Turkey summons US ambassador over Armenian genocide recognition | DW News
Turkey has reacted angrily after US President Joe Biden formally recognized the Armenian genocide, which took place during the Ottoman era. Ankara has summoned the US ambassador over the remarks.
In his statement, Biden said he and all Americans honor the memory of all those Armenians who perished in a genocide that began exactly 106 years ago. Thousands of people in Armenia’s capital Yerevan have been commemorating the mass killings, deportations and forced marches.
Armenian officials led the nation in commemorating the horrors of the past. The procession at this hilltop memorial in the capital Yerevan, included Prime Minister Nikol Pashinyan. Members of the public too streamed in, to honor the dead.
And they welcome the announcement from Washington, calling those past events a genocide.
In 1915, a million Armenians were brutally murdered by Ottoman Turks. Many more were deported and sent on death marches into the Syrian desert.

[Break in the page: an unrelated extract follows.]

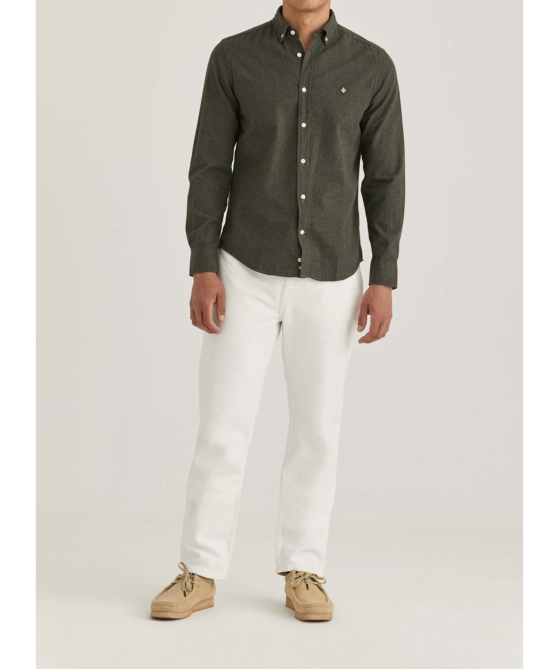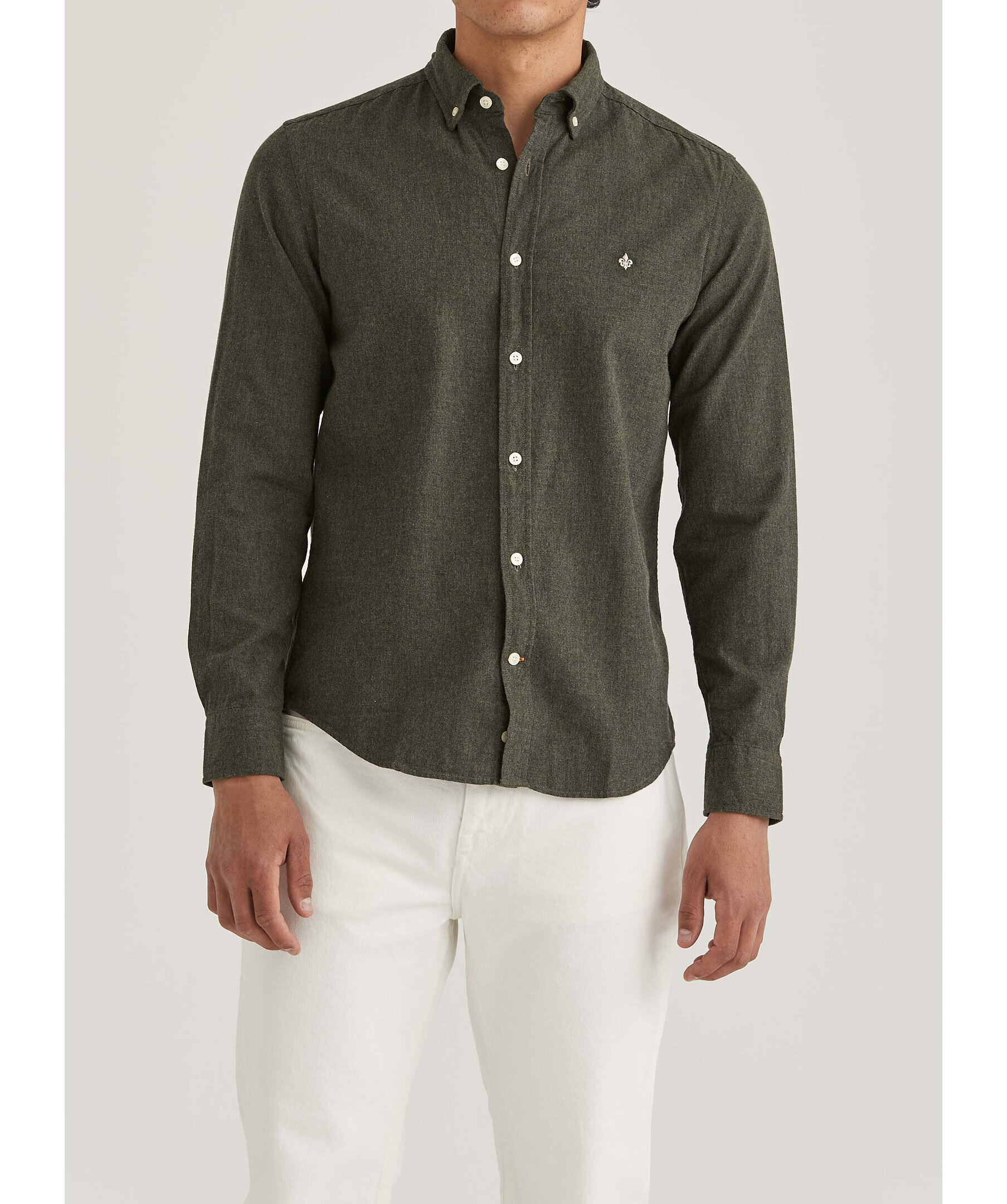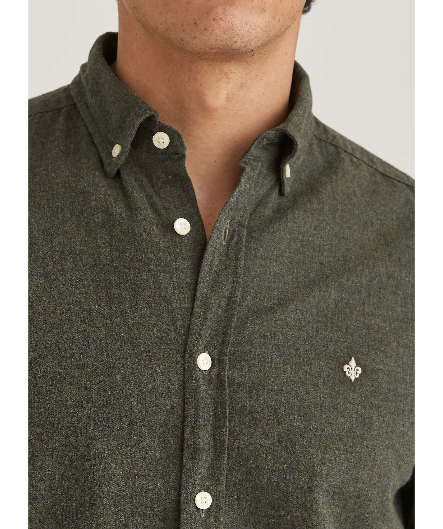 Morris Watts Flannel Shirt Slim - Olivgrön

Armenians have long campaigned for the crimes against their people to be recognized internationally as genocide. Turkey argues that there was no systematic attempt to wipe out Armenians, and no such order from the Ottoman authorities.
But nearly thirty countries have recognized the atrocities as genocide.
Many Armenians would consider the diplomatic spats over terminology a distraction from the memory of atrocities of more than a century ago that haunt their nation to this day.